I can't think of a reliable, non crazy way to use a second thread to somehow balance the time between the library call starts (and creates the file) and finishes its prepwork to write to it.

There's so many variables.
Why does it even matter?

Security?
Well then encrypt the data first before you send it to the library and then decrypt it in a post processing step.

Skaperen 06-06-2020 12:59 PM

yeah, there's no hard definitive solution under the I/O model Posix/Unix/Linux uses. there's only designing around the problem to be sure no issues can happen in the first place. and that might mean having some way to lock against double uses of the file before some like first write or file completion.

there is a related problem. it's related because these programs will often take all day to complete the file due to the nature of what they are doing. consider opening a file for appending. now consider 2 processes opening the very same file for appending.

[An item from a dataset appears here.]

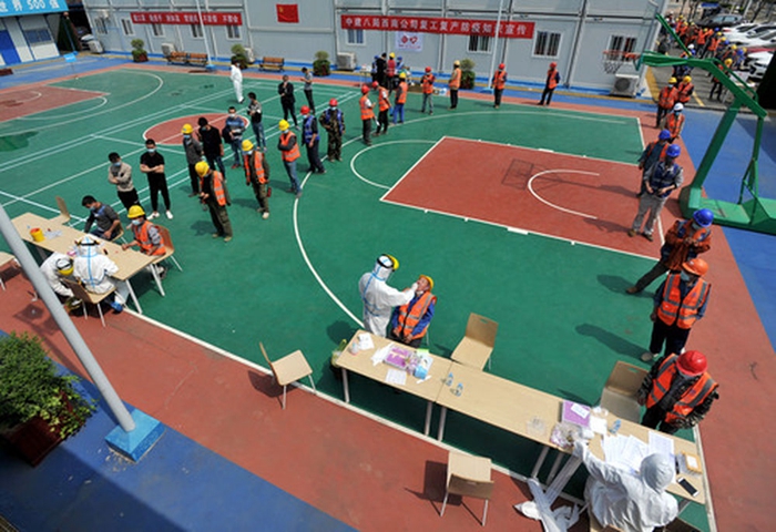 在中建八局武漢中央文化區(qū)萬(wàn)達(dá)項(xiàng)目部,返崗員工4月7日在接受核酸和抗體指標(biāo)檢測(cè)。 新華社發(fā)(史偉 攝)

Skaperen 06-12-2020 09:43 PM

if the kernel (of any POSIX OS) were changed to work as i described, what would break? any applications? any libraries? is it something that would be harder to implement had the kernel done it this way since its first creation?

EdGr 06-12-2020 11:13 PM

Zero-length files are valid and useful. They indicate the absence of something. The "test -s" command checks for non-zero-length files. I have used it many times.

I am still not sure why you want to avoid zero-length files.
Ed

Skaperen 06-14-2020 01:55 PM

zero length files have value where intended. i am trying to avoid them where they are not intended.

EdGr 06-14-2020 08:33 PM

We posted the solution: create a temporary file, write to it, and then rename the temporary file to the desired name.
Ed

chrism01 06-15-2020 01:20 AM

... and create it under /tmp or similar ie somewhere that gets cleaned out by the OS if it gets rebooted.

GazL 06-15-2020 05:59 AM

...or, as I said back in post #9, open() it with O_TMPFILE: though that is a Linux specific solution and is not portable.

Skaperen 06-15-2020 06:17 PM

Quote:

Originally Posted by EdGr (Post 6134415)
We posted the solution: create a temporary file, write to it, and then rename the temporary file to the desired name.
Ed

the contrary case is something that runs for hours and hours collecting some statistical data that needs to be reviewed periodically all day. and this data needs to not be lost if the system reboots, eliminating the use of /tmp.

Skaperen 06-15-2020 06:17 PM

Quote:

Originally Posted by GazL (Post 6134518)
...or, as I said back in post #9, open() it with O_TMPFILE: though that is a Linux specific solution and is not portable.

you sure did. and i overlooked it thinking it was something different. that does look like a doable approach. i'll have to make sure there is a lock to prevent duplicate attempts. but this is certainly a new, good, perspective on the problem.

GazL 06-16-2020 06:35 AM

Well, it's an option, but after reading your later posts (#20 specifically), IMO you're approaching the problem from the wrong end. Catch SIGTERM/SIGINT and give it a handler that will remove an empty file before exiting; then you can simply rely on open(filename, O_CREAT|O_EXCL) semantics to provide serialisation.

Skaperen 06-19-2020 07:54 PM

i'm trying to work out a way where an empty file doesn't matter. i can't reveal the code at that level.


All times are GMT -5. The time now is 10:40 AM.